It was towards the end of a particularly hot, dry summer and a huge forest fire had broken out. The fire was getting out of control, even though the emergency services were doing their best to deal with the problem. A photo-journalist working with one of the larger national newspapers was keen to get some good shots of the fire for the next day’s edition. He persuaded the editor to charter a private plane to get him above the action.

‘I know it’s expensive,’ he told the editor, ‘But it will be worth it. It’ll really help me to get the best pictures!’

So he made a call to arrange for a small private plane and drove as fast as possible to the airport. He rushed out to the runway and spotted a small aircraft with a young pilot in it.

Wasting no time, he jumped into the seat next to the pilot, pulled the door closed and said to the pilot, ‘I want you to take us up to altitude.’

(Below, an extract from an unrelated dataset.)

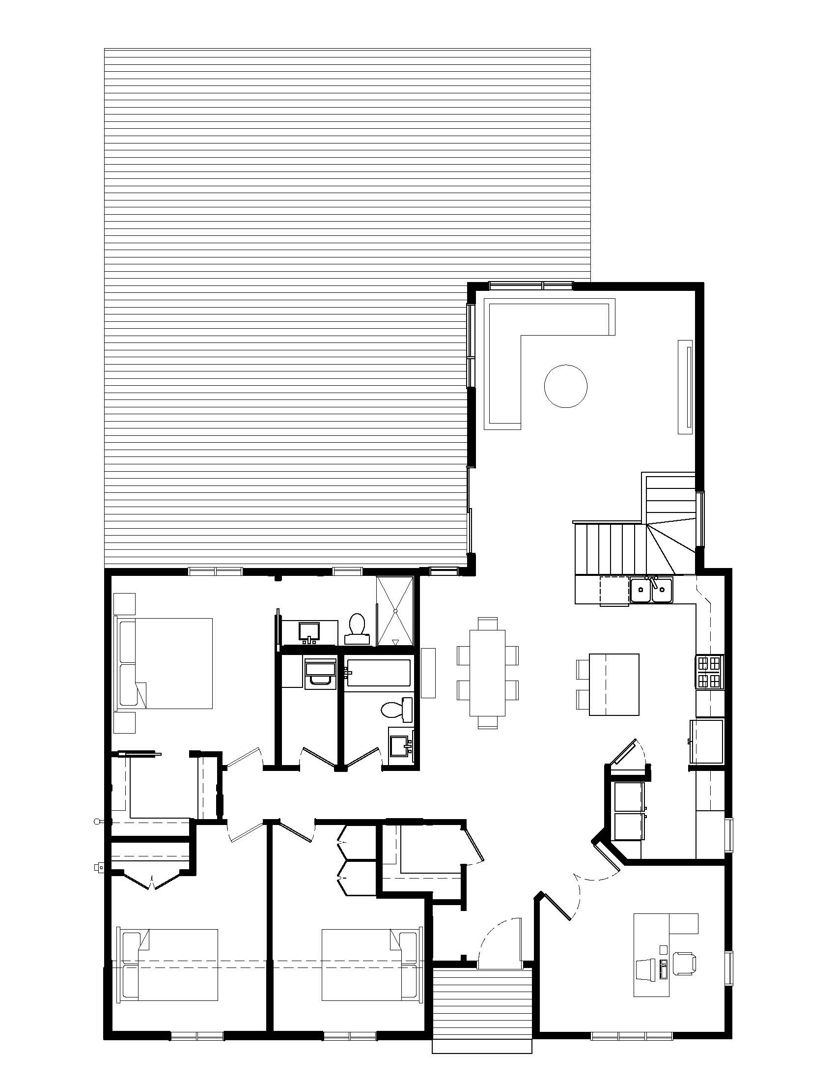 convert this floor plan into a realistic isometric 3d view of a full house show the space from an elevated angle with furniture walls and details visible use the same furniture as shows on the plan do not change the orientation of the floorplan

When they reached altitude the photographer said to the pilot, ‘Now, do you see that fire over to the east of us? I want you to fly over that. I’d like you to get as close as you can.’

‘Really?’ asked the pilot, amazed. ‘You seriously expect me to fly over that fire? You can’t ask me to do that!’

‘Of course I’m serious. That’s why I’m here. I’m a professional photographer and I need you to take me to where I can take some dramatic shots of the fire.’

‘So I guess that means, that you aren’t the flight instructor?’ said the pilot

a good oral sex makes your day, a good anal sex makes your "hole weak"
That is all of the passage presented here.